Recorded information START
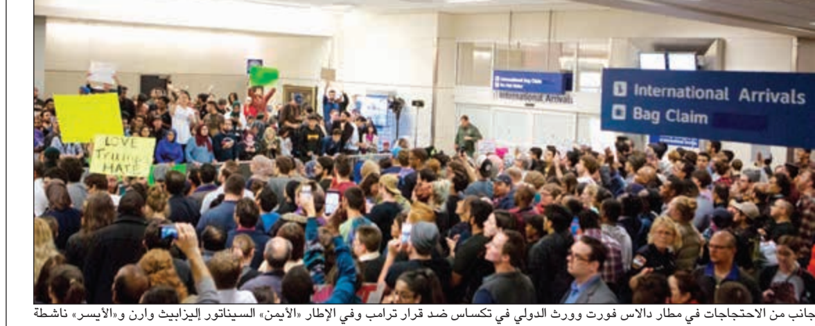
جانب من الاحتجاجات في مطار دالاس فورت وورث الدولي في تكساس ضد قرار ترامب وفي الإطار «اليمين» السيناتور إليزابيث وارن و«اليسار» ناشطة أميركية تشارك في الاحتجاجات

واشنطن - وكالات: بدأ الأسبوع الثاني من ولاية الرئيس الأميركي دونالد ترامب السلطة في البيت الأبيض، بإطلاق قراراته الصادمة في مجال الهجرة، طارحا ما يسميه «الحقائق البديلة»، ومتسببا بهزات في واشنطن والعالم كما سبق أن وعد. وفيما بدأت ملامح «التمرد» على قرار ترامب في الظهور بعد إعلان مسؤولو ولايات بنسلفانيا وواشنطن وهاواي أنهم يدرسون رفع دعاوى قضائية لإبطاله، غرد الرئيس الأميركي دونالد ترامب أمس على حسابه على «تويتر» قائلا إن أميركا تحتاج إلى «حدود قوية» و«عمليات تدقيق مشددة»، مضيفا في تغريدته «بلادنا تحتاج إلى حدود قوية وعمليات تدقيق
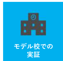
モデル校での実証
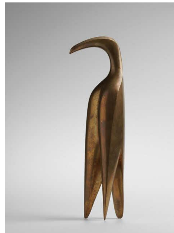
タピオ・ヴィルカラ 《リントウ / 鳥》
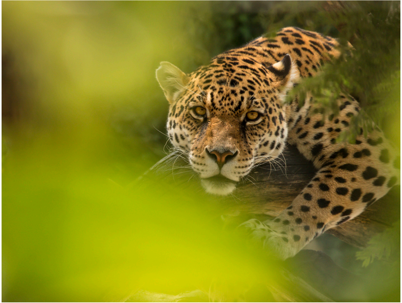
El jaguar (Panthera onca) –uno de los felinos más poderosos del planeta– se encuentra en las selvas de Ecuador.
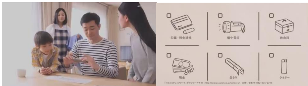
Gambar 5. Keluarga yang sedang memperhatikan persiapan bencana alam

“lembar periksa persiapan bencana” yang dipakai sekarang
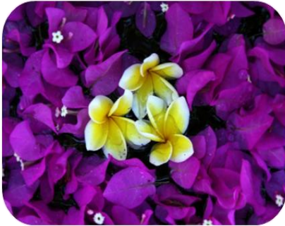
Căsătoria și regulile sale

Această parte cuprinde următoarele capitole:
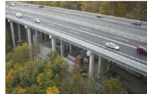
Ittgrabenviadukt mit SABA Wylerholz im Rohbau.
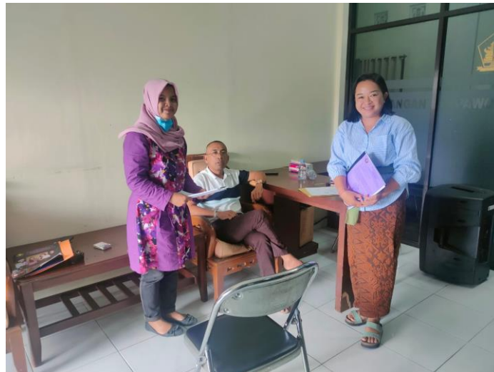
Gambar 5. Foto Persetujuan pelaksanaan kegiatan dengan Mitra

Berikut ini dokumentasi pelaksanaan kegiatan pengabdian di Pantai Melasti Desa Ungasan, yang dilakukan oleh tim pelaksana kegiatan pengabdian.
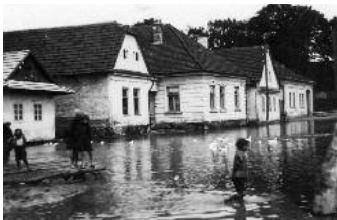
Povodeň na nižnom konci Vrbcice
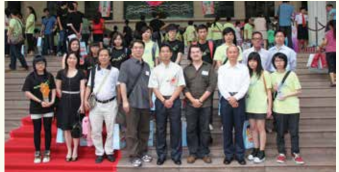
廉政專員馮文莊與評委曹長雄(左3)、黃天俊(右4)、澳門中聯辦監察室主任于柯超(右3)及得獎學生合照

由廣東省人民檢察院、澳門廉政公署和香港廉政公署合辦的「粵港澳青少年反腐倡廉電腦動畫/漫畫創作比賽」，2012年7月28日在廣東省檢察院禮堂舉行頒獎禮，廉政專員馮文莊率領代表團出席。廣東省人民檢察院檢察長鄭紅、澳門廉政專員馮文莊以及香港廉政專員白韞六主持了頒獎禮的開幕儀式。
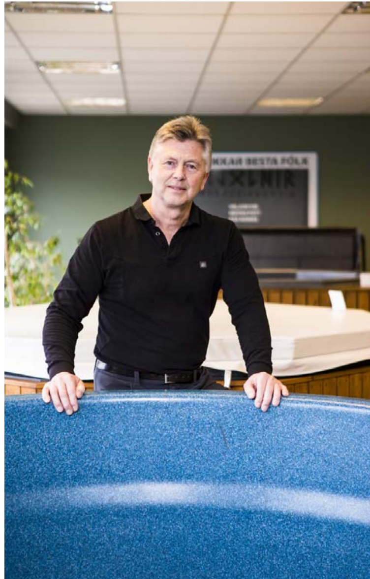
Normx framleiðir pottana, sem eru heilsteyptir og sérhannaðir fyrir íslenskar aðstæður. Engar rassaskálar og því tæmist potturinn algjörlega.
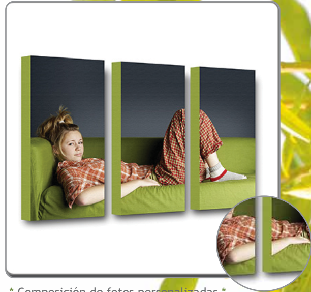
* Composición de fotos personalizadas *
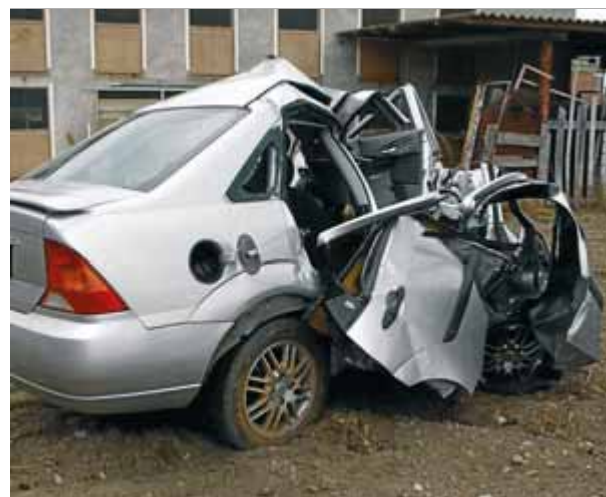
EL PUNT AVUI

compte a Facebook tampoc protegeix l'usuari del fet que la seva informació pugui ser espiada. "Facebook sap més de vostè que la seva pròpia família", asseguren. L'organització tanca el comunicat amb el seu popular lema: "Som Anonymous. Som legítim. No perdonem. No oblidem. Espera'ns". La iniciativa per posar fi a la xarxa social té pàgina a Facebook, on apareix un comunicat dirigit a la xarxa social: "Facebook, heu començat a censurar els nostres comptes sense motiu. Ha arribat el moment de parar. Aquesta és l'anonop real que posarà fi a la censura a Facebook". El grup d'activistes també ha creat un xat, un compte a Twitter, @OpFacebook, i el hashtag #opfacebook. ■ REDACCIÓ
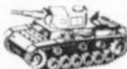
4039 - PANZER III - ALEMANIA
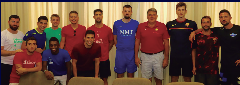
Alicante y el C.D. AGUSTINOS fueron una de las primeras visitas del gerente de la A.J.BM. Los alicantinos del Colegio "San Agustín" cursan su segunda temporada en la División de Honor Plata.
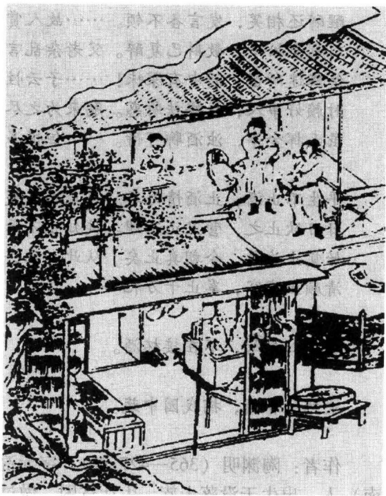
荆轲与高渐离饮于燕市图
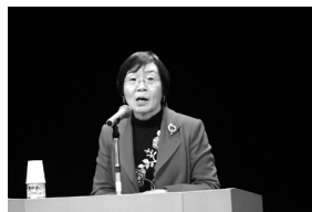
【登山家の田部井淳子さん】
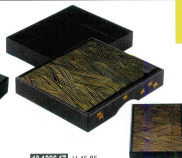
10-1006-17 H-45-85 困長手文庫 真塗り波千鳥 蒔繪 (箱付) ¥35,000 (30×25.8×5.8) 櫃10
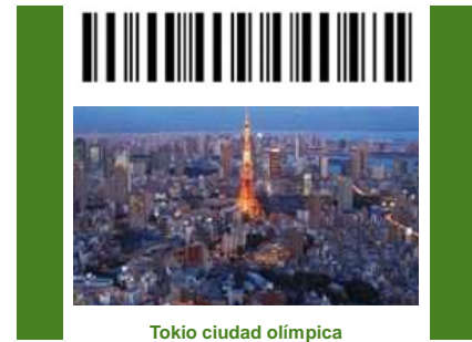
Tokio ciudad olímpica

Otro de los objetivos busca aumentar la notoriedad de la marca turística de Euskadi en mercados prioritarios; incrementar el número de viajeros en Euskadi y aumentar su gasto medio; lograr que Euskadi disponga de un modelo de gestión turística sostenible; disponer de información que permita la monitorización, gestión y seguimiento del destino y de la industria turística de Euskadi; conseguir altos niveles de calidad (percibida) por parte de viajeros y disponer de una oferta que satisfaga los deseos de viajeros en Euskadi
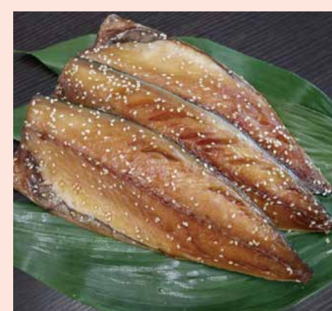
〈魚恵〉 とろさばみりん
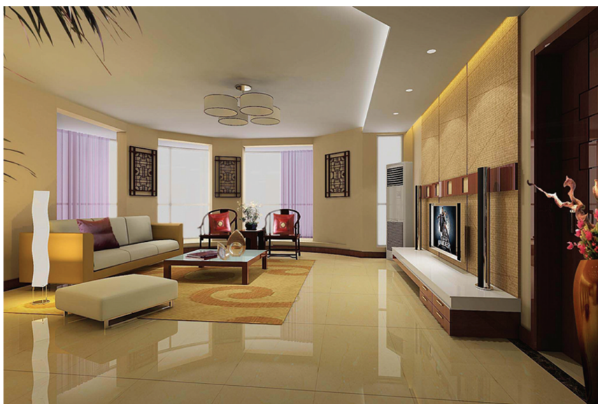
图 1-7 带有中式元素的起居室

近年来,建筑设计和室内设计在总体上呈现多元化、兼容并蓄的状况。室内布置既趋于现代实用,又吸取传统的特征,在装潢与陈设中融古今中外于一体,例如,传统的屏风、摆设和茶几,配以现代风格的墙面及门窗装修、新型的沙发;欧式古典的琉璃灯具和壁面装饰,配以东方传统的家具和埃及的陈设、小品等。混合型风格虽然在设计中不拘一格,运用多种体例,但设计中仍然匠心独具,深入推敲形体、色彩、材质等方面的总体构图和视觉效果。(见图 1-7)
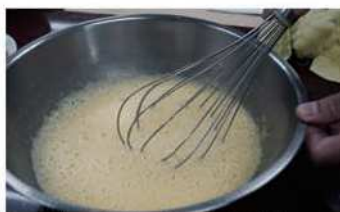
2. 奶水、奶油、鹽，蛋黃拌勻。
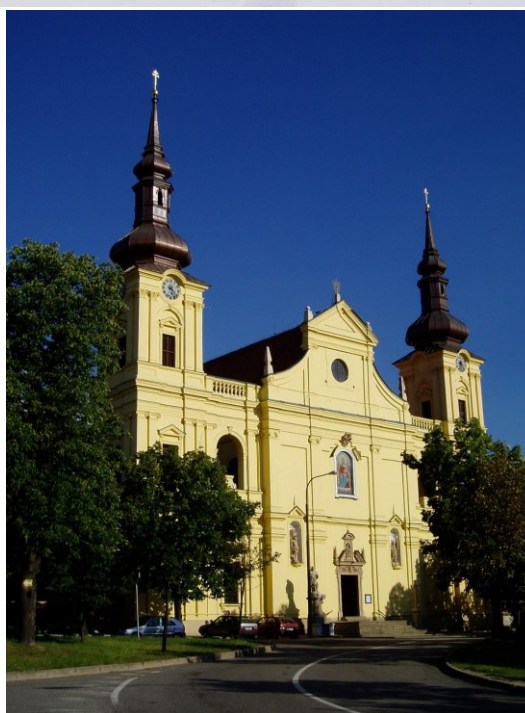
K nepoznání se změnilo poutní místo Tuřany. Nahoře v 17.století, za Balbína (z jeho Diva Tursanensis), dole přestavěný kostel (není vidět letiště vlevo za kostelem, zmizely pole, kapličky aj.
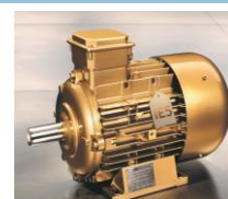
-Motore SuPreme IE5
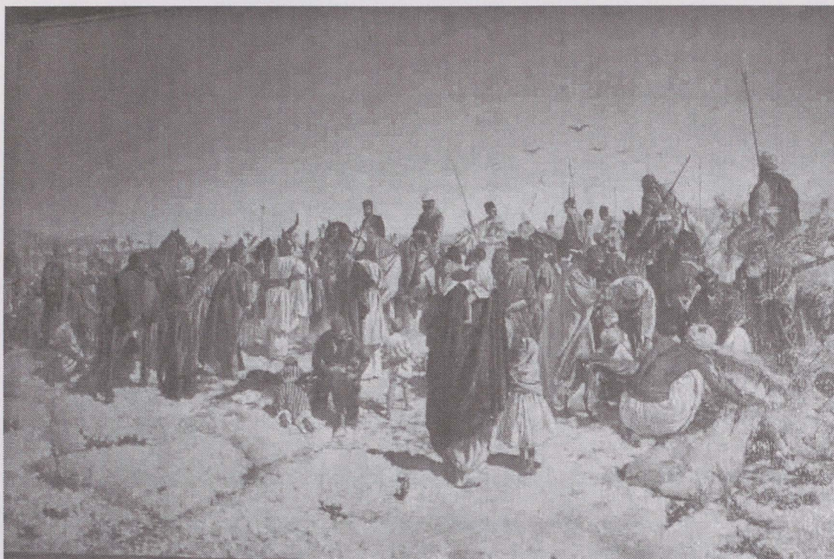
Fig. 1. Llegada a Dizful del Gobernador del Archirristan y del Vicecónsul de España.
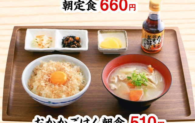
おかかごはん朝食 510円
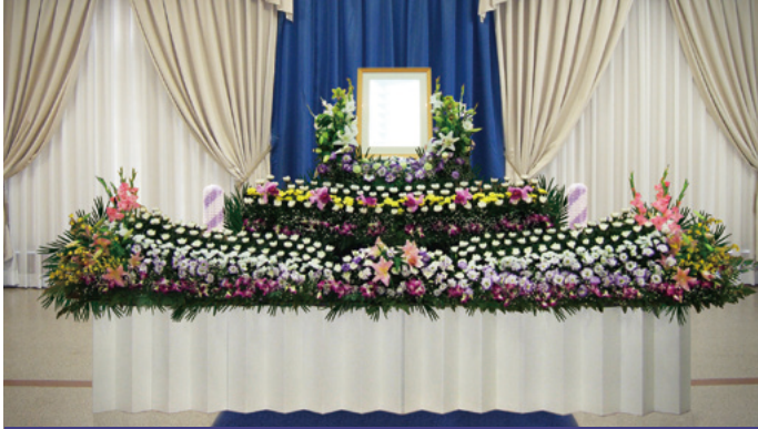
対応人数 30名程度まで
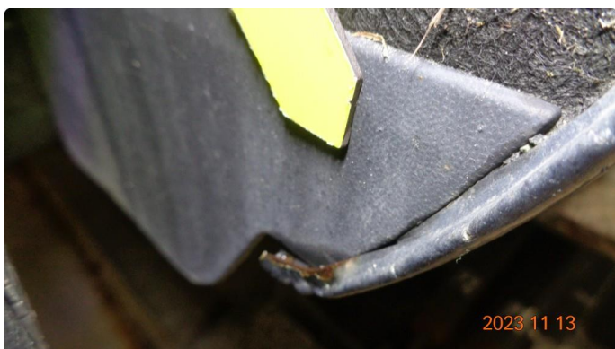
1.7 Noe rust på bakskjermer mot hjulbue. Lakkeres.
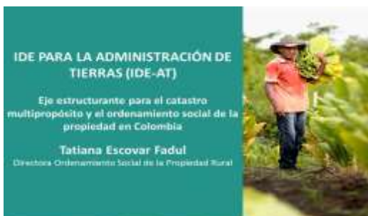
Sesión LATAM: Colombia
Recorded information END
- **What the task asks**
Read the entries above, then pull out the lines that include "kegiatan".

- **Result**
Gambar 5. Foto Persetujuan pelaksanaan kegiatan dengan Mitra
Berikut ini dokumentasi pelaksanaan kegiatan pengabdian di Pantai Melasti Desa Ungasan, yang dilakukan oleh tim pelaksana kegiatan pengabdian.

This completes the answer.